1860 beschreibt der Mediziner Mitbegründer der Wiener Medizinischen Schule Carl Freiherr von Rokitansky im „Zentralblatt der Gesellschaft der Ärzte in Wien“ das Krankheitsbild der Endometriose unter dem Titel „Über Uterusdrüsenneubildung in Uterus- und Ovarialsarkomen“
Die Endometriose ist häufiger, als vermutet: etwa 5% Prozent der geschlechtsreifen Frauen leiden unter dieser Krankheit, wobei deren Beschwerdegrad höchst unterschiedlich sein kann.
Die Endometriose ist nach den Myomen die zweithäufigste gutartige Erkrankung der Frau. Allein in Deutschland sind nach vorsichtigen Schätzungen über 1 Mio. Frauen von dieser chronischen Erkrankung betroffen. Ihre Inzidenz beträgt 40-60% bei Frauen mit Dysmenorrhoeund 20-30% bei subfertilen Frauen.
DEFINITION
Endometriose ist eine Erkrankung der {TOOLTIP:gebaermutter} und ihrer Gewebe. Sie ist definiert als das Vorkommen von Endometrium-ähnlichem Gewebe außerhalb des Cavum uteri.

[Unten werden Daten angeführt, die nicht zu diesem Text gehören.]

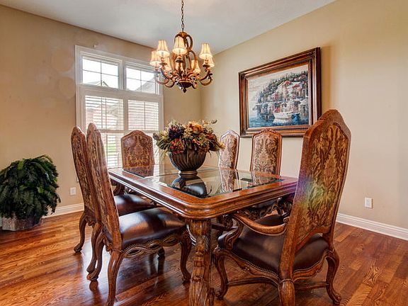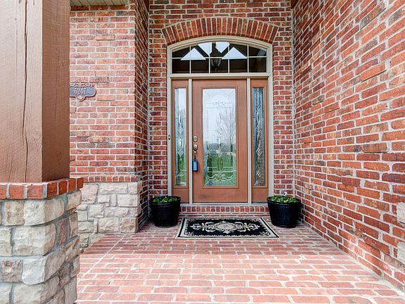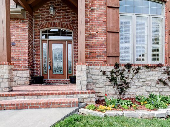 Photos are prior to renovations and do not represent current owners furnishings, This is a beautiful Brick walkout basement home with stone accents and beautiful Golf Course view overlooking the 14th tee box. A wonderful open kitchen and family room w/granite countertops, island and gorgeous custom maple cabinets, two fireplaces. Three bedrooms are on the main level (3rd can be an office) 2nd bedroom has its own bath. Ash hardwood floors in entry, hallways, kitchen and upstairs family room room. The basement is spacious with tall ceilings, nice wet bar w/ Shirestone countertops, room for pool table,living area and possible media room set up for sound system. Generator, new garage doors & front door, hot water recirculating pump, tinted windows in back of home, central vac, California closet system, Sunsetter Awning on the back deck, fenced dog run, lots of storage, storm shelter, community pool and more!
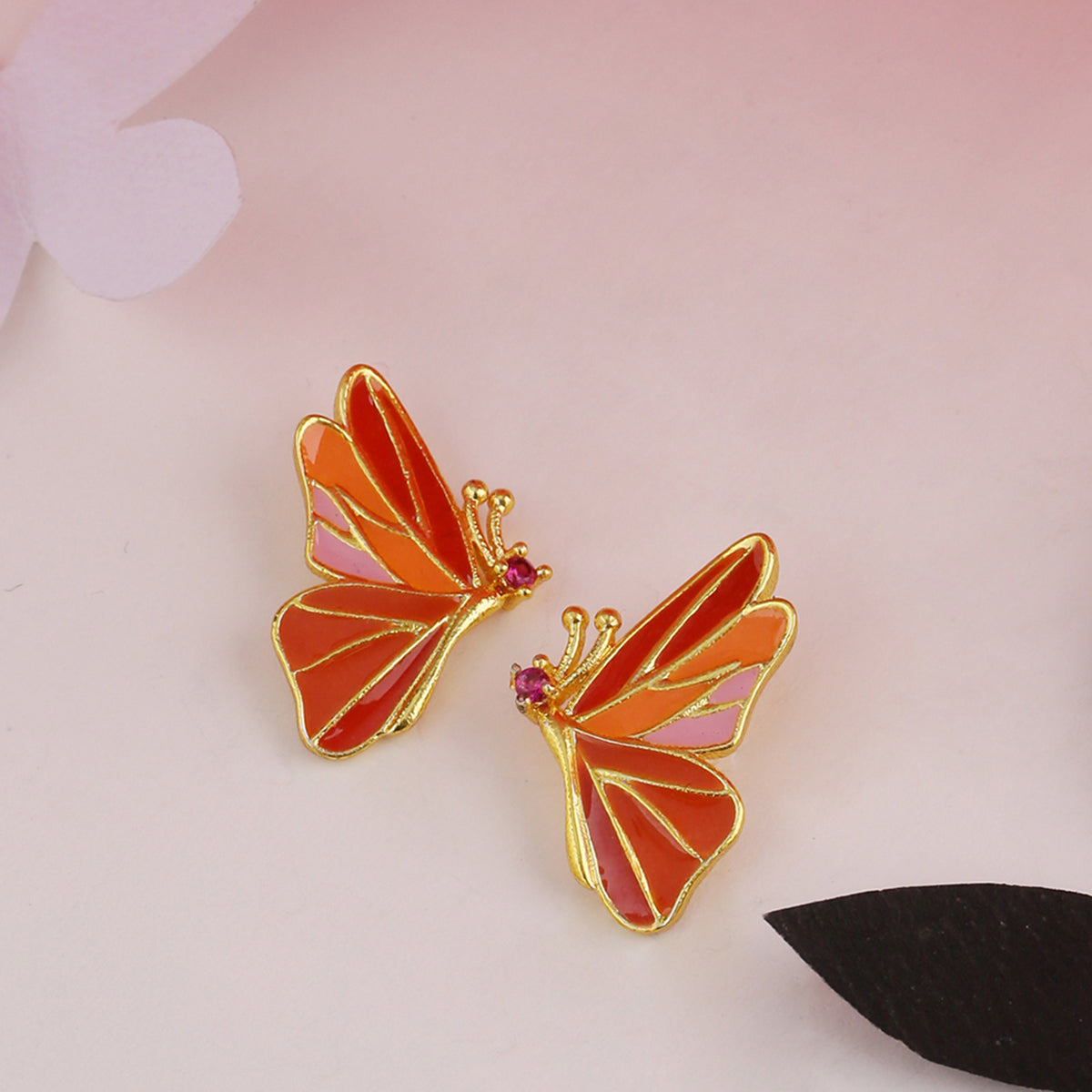 Get insta ready with the Flash Gold plated Butterfly Silver Kiss Orange Studs.
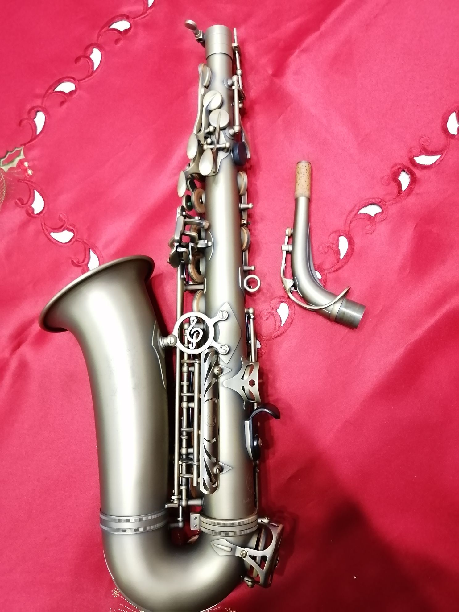 Комплектация полная: саксофон, эска, мундштук P. Mauriat с лигатурой и колпачком , гайтан, фирменный очень удобный (с заплечными лямками) полужесткий кофр "P. Mauriat", трости, смазка для эски, наклейки на мундштук.
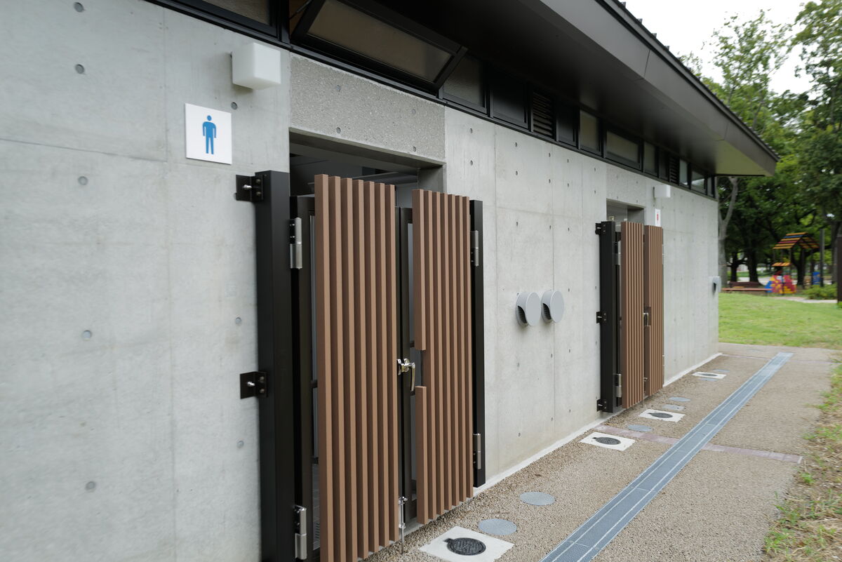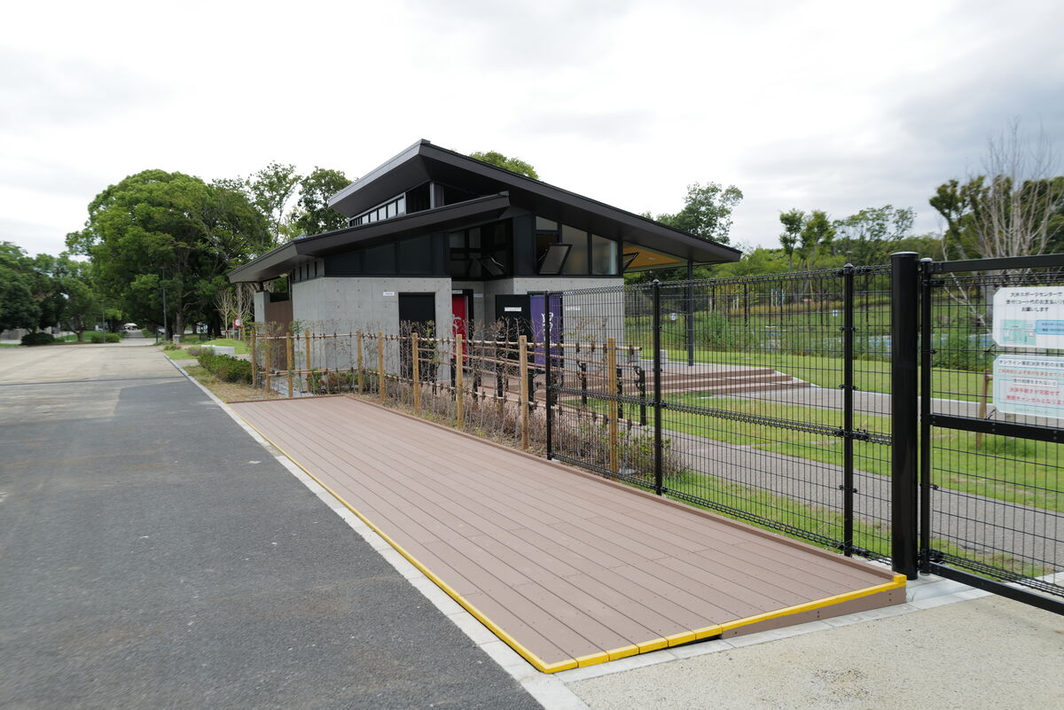 建物の外観、トイレ入口の扉にはルーバーフェンスを設置。施設へのアプローチとなるスロープと通路部分には『セコロウッドデッキ』を採用し、コンクリート舗装とは異なる木質感のある温かみを空間にもたらしています。

Es handelt sich um Zellen, die zwar die zyklischen Veränderungen der Menstruationmitmachen, die aber mit der Gebärmutterschleimhaut nicht unbedingt identisch sein müssen. Diese Zellen benehmen sich so wie die »echte« Schleimhaut – sie imitieren sie. Der Grad der Beschwerden richtet sich nach dem Ort der Plazierung dieser Zelle innerhalb des Bauches.
Die Endometriose ist eine östrogenabhängige Erkrankung jungen Frau in der reproduktionsfähigen Alter, die vor allem um die Zeit der Menstruation Gewebsstoffe absondert. Die Erkrankung ist gekennzeichnet durch ein inflammatorisches Peritonealmilieu mit den klinischen Symptomen Schmerz, Blutungsstörungen und Infertilität.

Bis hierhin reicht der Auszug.